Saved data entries
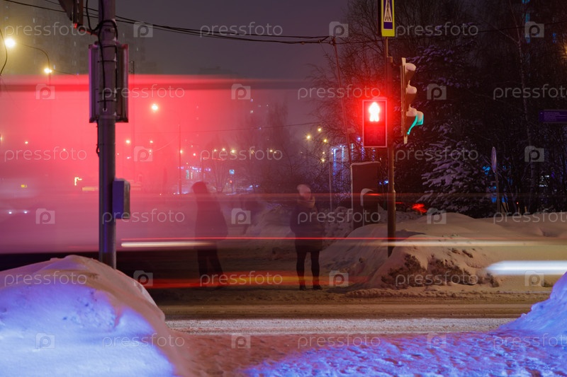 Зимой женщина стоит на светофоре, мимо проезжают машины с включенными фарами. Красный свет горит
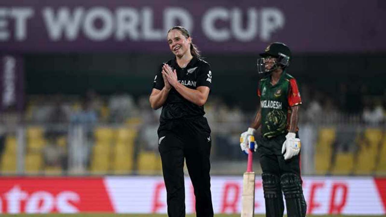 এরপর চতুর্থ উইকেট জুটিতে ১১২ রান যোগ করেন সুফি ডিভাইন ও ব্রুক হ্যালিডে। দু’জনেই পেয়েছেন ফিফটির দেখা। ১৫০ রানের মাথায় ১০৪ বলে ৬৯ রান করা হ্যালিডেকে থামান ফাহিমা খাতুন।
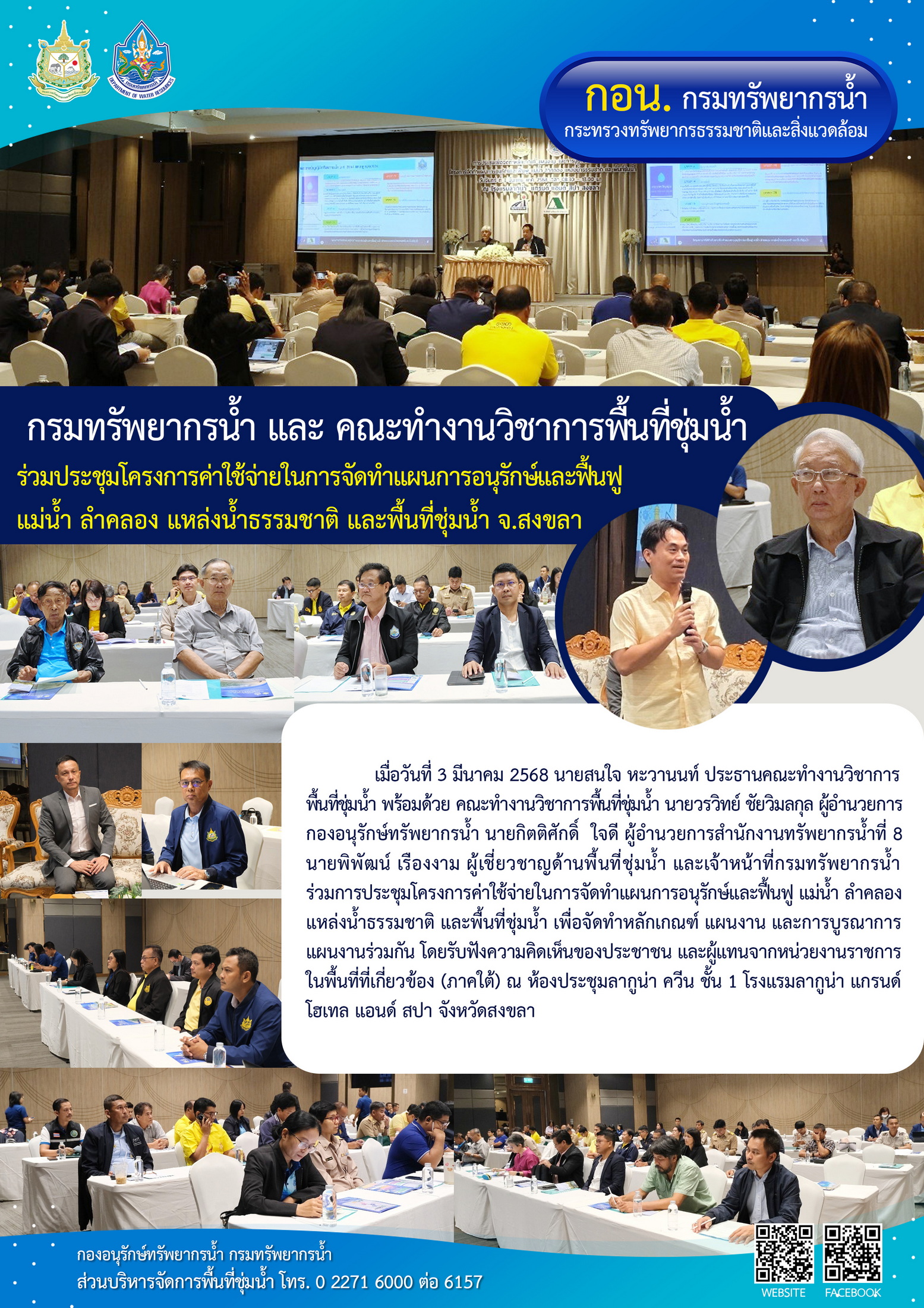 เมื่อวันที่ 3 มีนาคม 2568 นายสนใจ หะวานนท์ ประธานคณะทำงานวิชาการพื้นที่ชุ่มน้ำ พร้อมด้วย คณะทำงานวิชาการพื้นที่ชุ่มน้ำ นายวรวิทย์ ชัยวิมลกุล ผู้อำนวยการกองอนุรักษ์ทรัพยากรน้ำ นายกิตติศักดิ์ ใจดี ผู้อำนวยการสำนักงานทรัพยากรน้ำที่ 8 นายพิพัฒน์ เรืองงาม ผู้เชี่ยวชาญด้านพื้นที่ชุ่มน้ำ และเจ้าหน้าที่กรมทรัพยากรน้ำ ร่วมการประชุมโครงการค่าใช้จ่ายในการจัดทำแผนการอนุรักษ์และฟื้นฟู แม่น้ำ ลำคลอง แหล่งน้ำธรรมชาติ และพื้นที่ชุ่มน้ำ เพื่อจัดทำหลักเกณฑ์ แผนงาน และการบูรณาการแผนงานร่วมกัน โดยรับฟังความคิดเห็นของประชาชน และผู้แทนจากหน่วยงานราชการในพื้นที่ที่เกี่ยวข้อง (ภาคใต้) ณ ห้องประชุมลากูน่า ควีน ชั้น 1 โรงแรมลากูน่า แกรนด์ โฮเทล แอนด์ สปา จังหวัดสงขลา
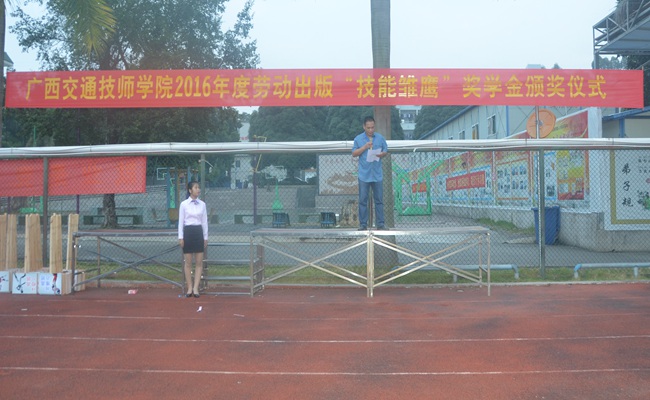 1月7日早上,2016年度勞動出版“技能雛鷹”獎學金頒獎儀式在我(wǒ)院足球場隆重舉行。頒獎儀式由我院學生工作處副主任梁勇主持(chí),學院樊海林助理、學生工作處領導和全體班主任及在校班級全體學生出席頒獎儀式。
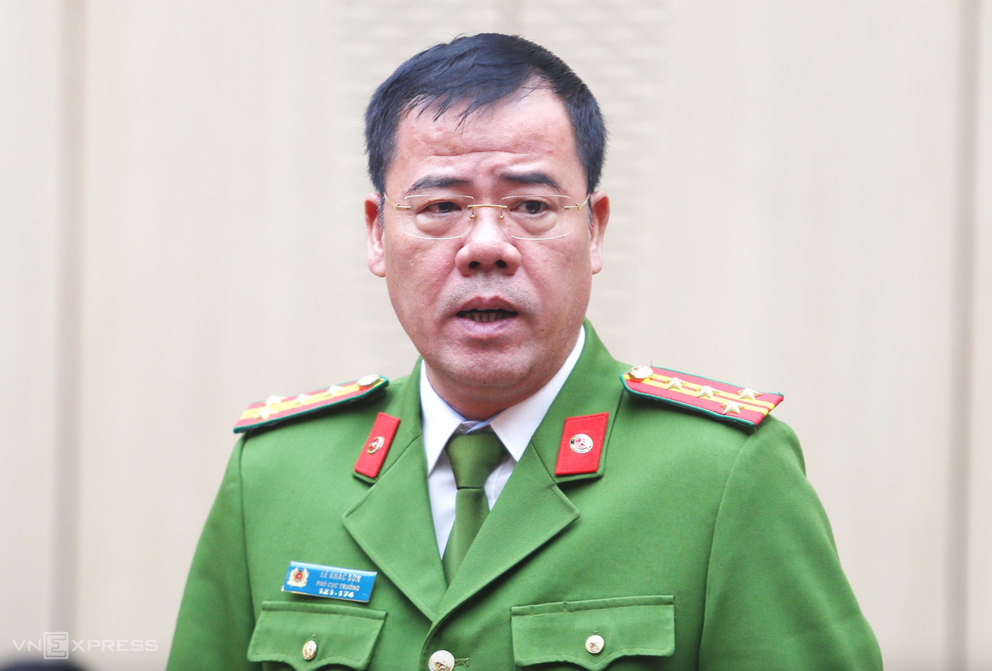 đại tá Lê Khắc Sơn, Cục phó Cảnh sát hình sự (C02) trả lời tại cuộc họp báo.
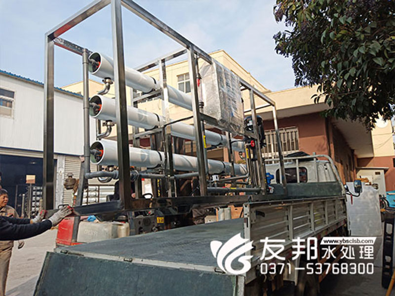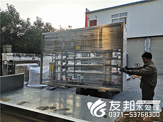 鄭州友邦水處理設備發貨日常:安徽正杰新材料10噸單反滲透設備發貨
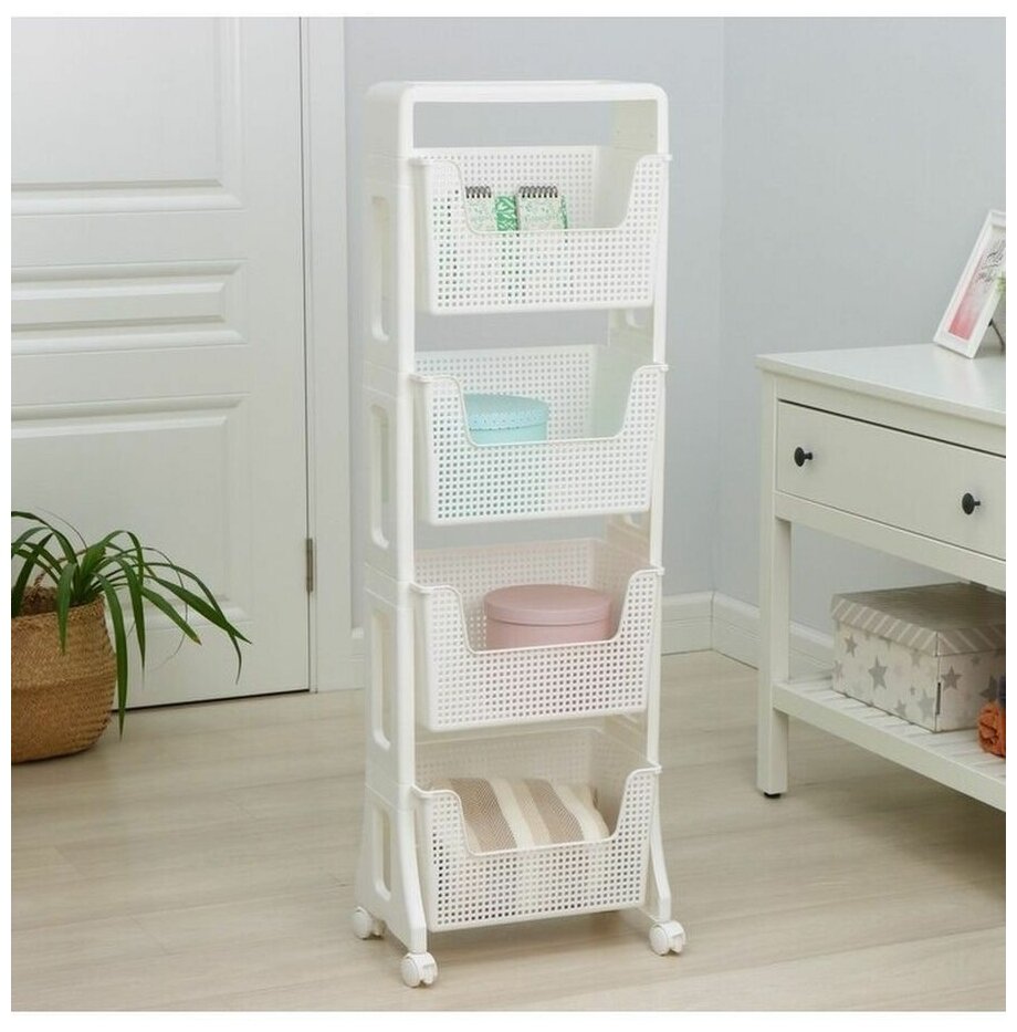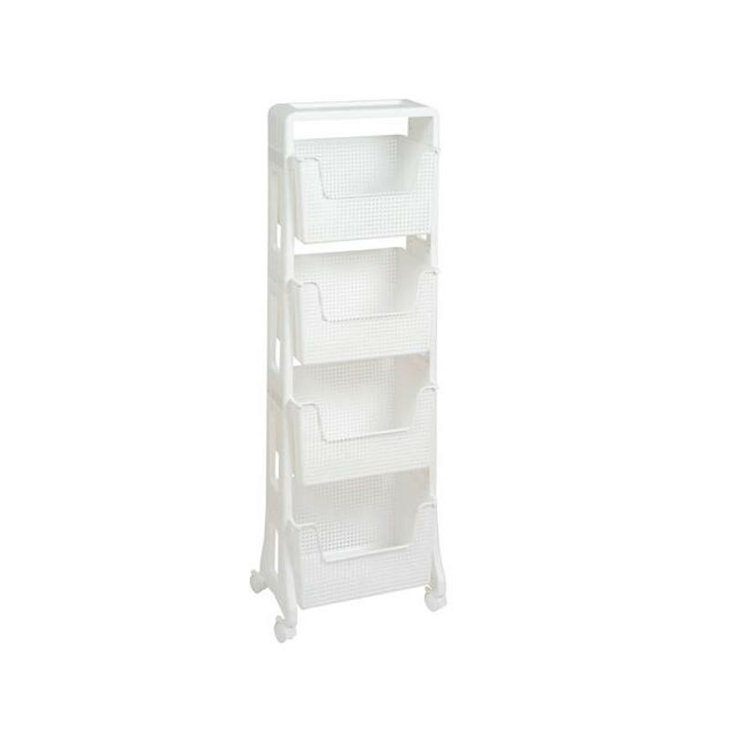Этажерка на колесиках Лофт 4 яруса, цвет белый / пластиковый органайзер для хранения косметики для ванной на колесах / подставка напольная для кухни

» **TASK REQUIREMENTS**
Copy out exactly the lines between the line that contains "鄭州友邦水處理設備發貨日常:安徽正杰新材料10噸單反滲透設備發貨" and the last line of the records, both ends included; leave out every picture.

» **OUTPUT FOR THIS TASK**
 鄭州友邦水處理設備發貨日常:安徽正杰新材料10噸單反滲透設備發貨
Этажерка на колесиках Лофт 4 яруса, цвет белый / пластиковый органайзер для хранения косметики для ванной на колесах / подставка напольная для кухни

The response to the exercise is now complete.